With the foundational element of established metadata requirements to uniquely identify each WSI file, associate it with the animal and study from which it was obtained, and record the procedure used to generate it, we were poised to build our WSI data repository for toxicologic pathology.
Associated Data
To take full advantage of computational methods to gain insights from digital histology slides, it is important to know as much as possible about the biological context and outcomes associated with the histologic samples. However, information about in-life experimental conditions and observations, and later tissue findings, are often stored in data systems that may be separate from each other and are often, if not generally, disconnected from the WSI data repository. Our organizations have been investigating solutions to these issues. Generally, developing mechanisms for direct communication between different repositories through APIs that can facilitate seamless integration and search across systems invisible to the user, while maintaining the database structure of each repository, is the preferred approach. Our teams are working to build infrastructure in which WSI files in our image data repository are discoverable based on searches using data fields from other relevant repositories without compromising the integrity of those database systems or creating data redundancies.
As a top priority in this effort across both gRED and pRED, associated data were first limited to microscopic findings taken from the respective gRED and pRED safety data warehouses, comprising in-house and CRO studies. We found it straightforward to associate findings with the appropriate tissue given the findings data structure in our data lake and data mart, which is based on the SEND data model. However, associating findings to a particular slide scan was sometimes problematic. For example, when a tissue was present on multiple slides, it was challenging to associate a finding to the slide it was identified on, since our findings database only specified the tissue a finding was identified in, and did not capture the slide information. In the future, we suggest that digital pathology will be best served if findings are captured by tissue and slide, so that, particular WSI files can be associated with specific findings. A SEND requirement that would propel development of data entry systems that capture findings by slide as well as by tissue could be helpful in addressing this issue.
As a second step to extend our data usage, we considered association of additional in vivo study data, such as hematology and clinical chemistry (“clinical pathology”) and organ weight data, with histologic slide scans. Associating these types of data has demanded interoperability between data management systems that has posed logistical challenges. In addition, harmonizing especially the clinical pathology data across all our studies has not been trivial. We have found there can be study design variability, for example, in tests and timepoints run for clinical pathology, which can cause data gaps across the studies. Assay methods (e.g., machines and reagents used) vary in our clinical pathology data over time and laboratories. Despite our attempts to leverage reference ranges to harmonize our data and include clinical pathology data without AI recognizable traces of characteristics such as study of origin, assay laboratory, or time-period, we have found this challenging and have ongoing efforts to address these issues.
Slide Scanning
Any analytics approach in digital pathology starts with access to high-quality WSIs. We committed to building our scanned-slide data resources at gRED and pRED, and launched projects to scan all slides from all of our contemporaneous and archived toxicologic pathology studies over the past 25 years. To achieve this, we fully resourced our internal slide scanning laboratories with equipment and staff, and further worked with our CROs to enable them to scan our study slides. Importantly, this effort required us to pay careful attention not only to procurement and installation of the appropriate equipment, but also to dedication of engaged and trained staff both in house and at CROs to lead these efforts, and to development of scanning-process guidelines to enable and unify our approaches.

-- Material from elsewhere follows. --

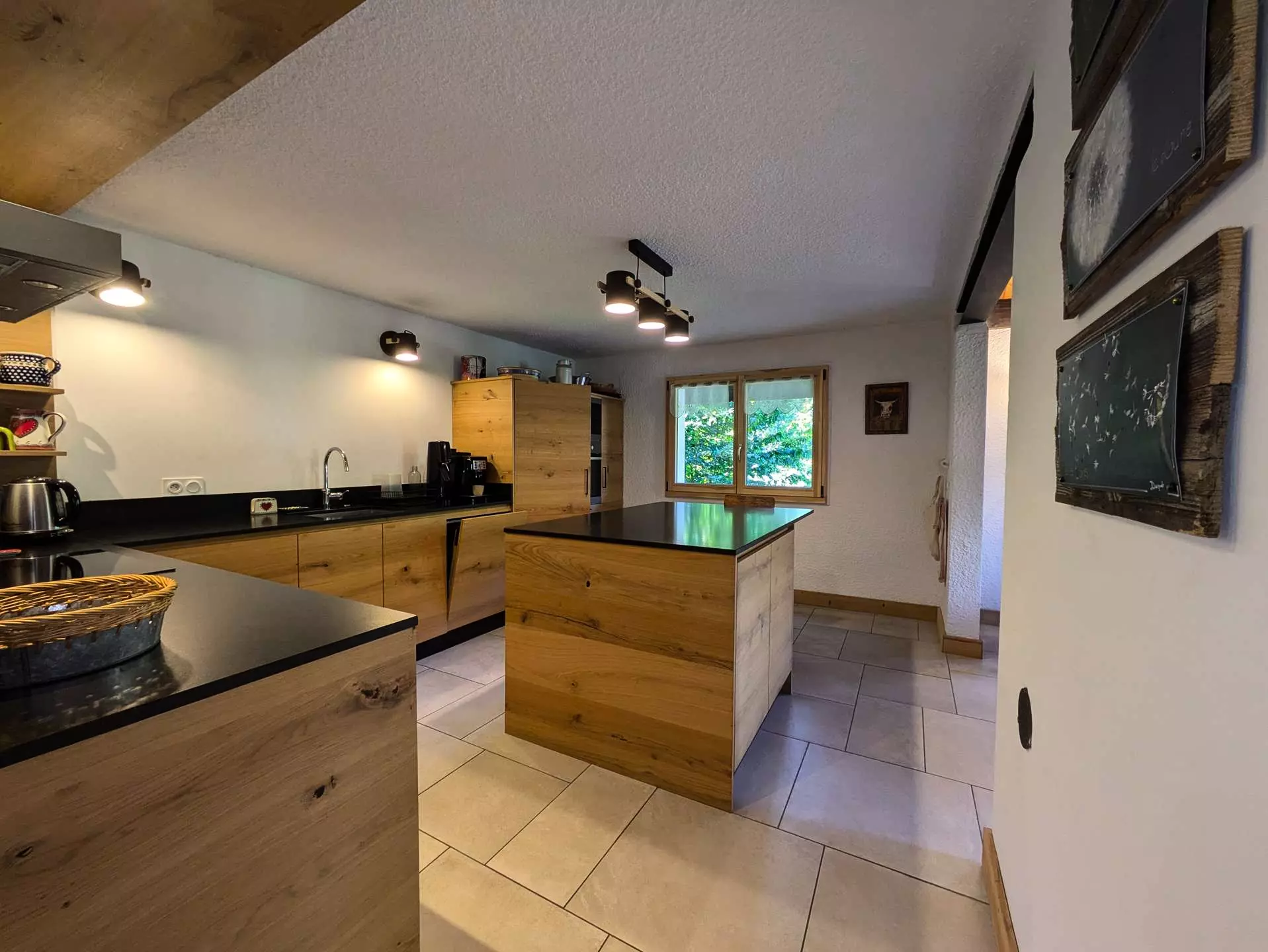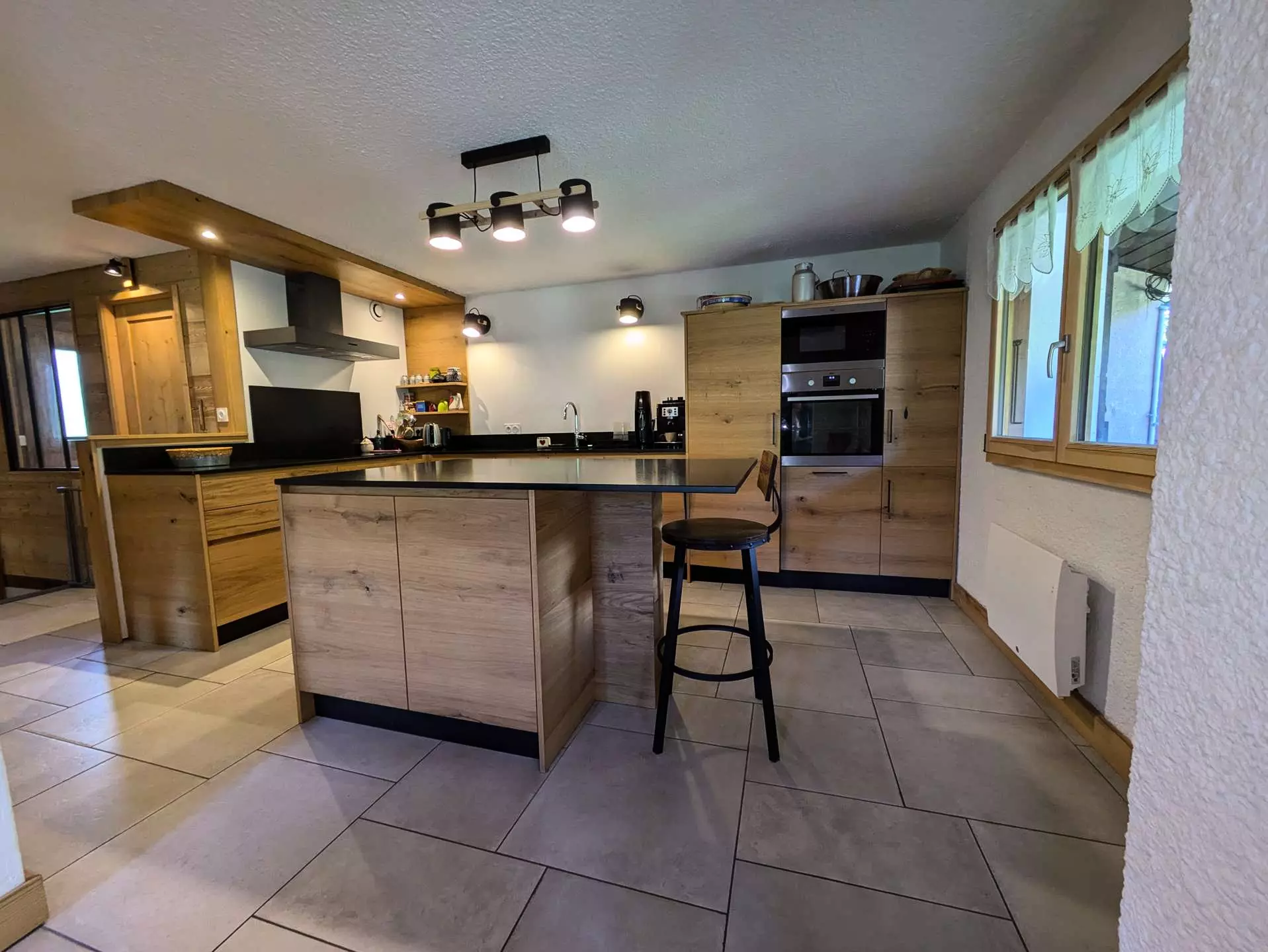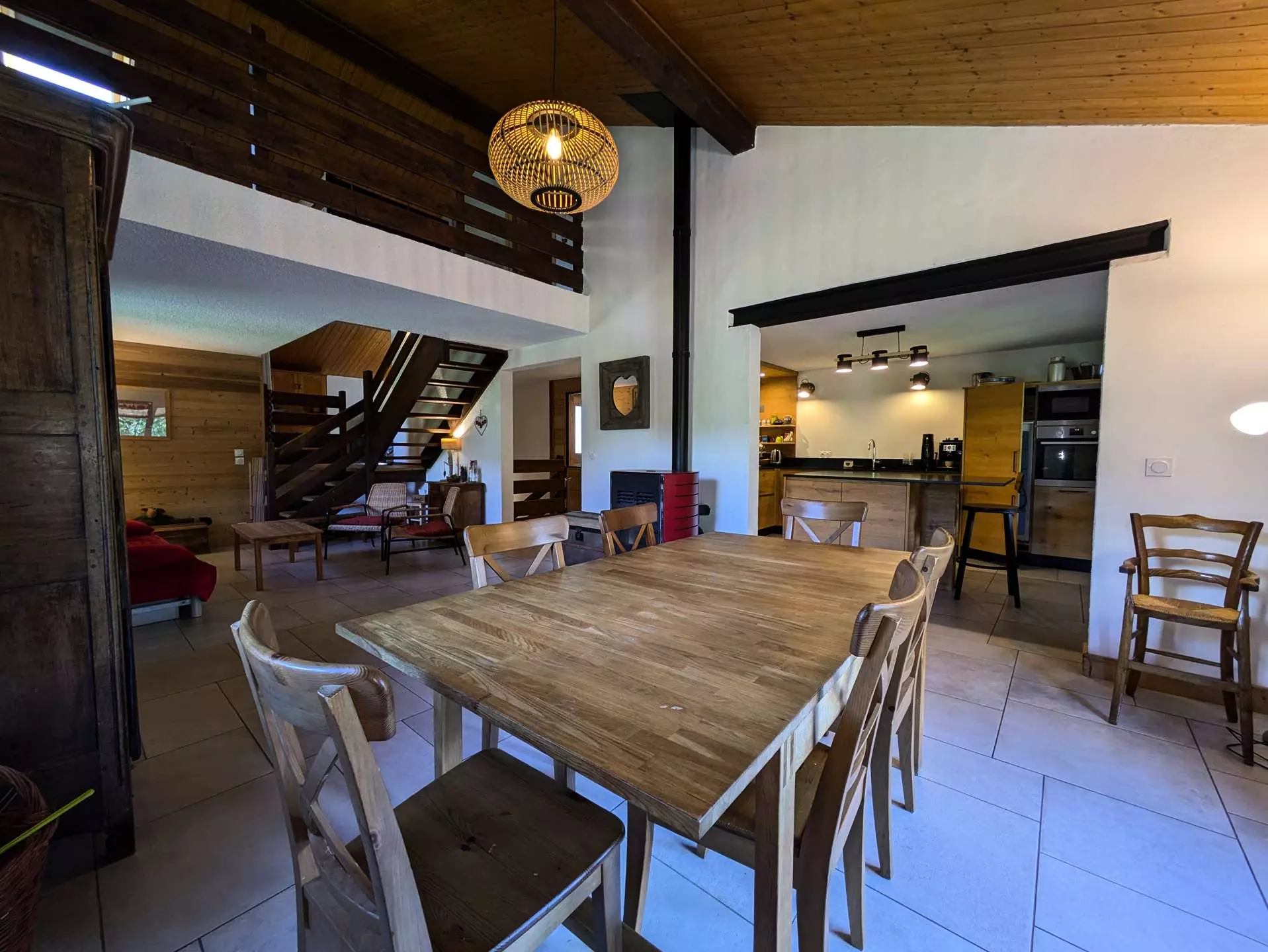 Level 1: A drop-off entrance allows you to leave your shoes and jackets. Then you enter directly into the living room / kitchen and dining area. Very beautiful living room around the stove (pellet). The L-shaped kitchen with a central island is very well equipped (oven, microwave, kettle, Nespresso + filter coffee machine, toaster, crepe maker, fondue maker, raclette maker, etc.).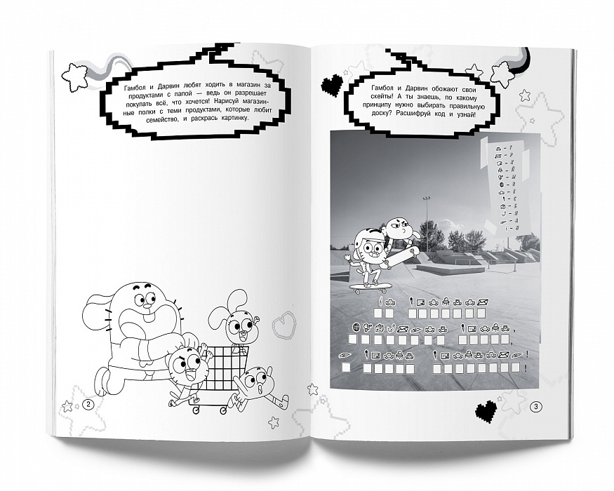 В компании Гамбола и Дарвина никогда не бывает скучно! Раскрашивай, решай задачки и головоломки, проходи лабиринты и узнавай ближе удивительный мир Гамбола и всех его друзей! Тебе понравится!

We selected scanners that could produce high-quality WSIs, scan 40X WSIs with a high loading throughput, and provide good scanner servicing options. Details of scanner capabilities are beyond the scope of this opinion piece and have been reviewed previously. 15 The chosen equipment also provided software with the capacity to offer a quality control step to be integrated into the laboratory quality workflow. Between our organizations, we strategically placed scanners in diverse geographic locations, including North America, Europe, and Asia, and worked closely and collaboratively with all the facilities to develop effective scanning procedures. Our widespread scanner placement and cooperation between our units to leverage each other’s scanning capacity proved especially beneficial when the coronavirus disease 2019 (COVID-19) pandemic closed international borders to travel, and our pathology workflows (pathology peer reviews) were largely reliant on access to digital scans of study slides.
One of the evaluated considerations was whether to leverage the Digital Imaging and Communications in Medicine (DICOM) standards routinely used in picture archiving and communications systems (PACS) for other biomedical imaging modalities. DICOM enables FAIR data capture during image acquisition and standardization of file formats, and has been used in other applications, such as radiology, to standardize and FAIRify image data across the discipline.16,17 However, DICOM is not yet widely used in toxicologic digital pathology despite having been adopted by some newer scanner models, such as the Aperio GT 450 DX scanner (Leica Biosystems, Nussloch, Germany). At the time of our evaluation, DICOM WSI implementation was, and still is, lacking integrated upstream and downstream informatics solutions to fully benefit from its standardization and interoperability advantages. We chose to de-prioritize shifting to DICOM file formats in preference for ease of systems integration. Importantly, the file format produced by our scanners is readily readable into the multiple image viewers used in our organizations for applications as diverse as pathology digital slide review (e.g., peer review), pixel and region-based slide annotation using a variety of open-source and commercial platforms, and image analysis using both commercially available and internally developed approaches including advanced DL methods.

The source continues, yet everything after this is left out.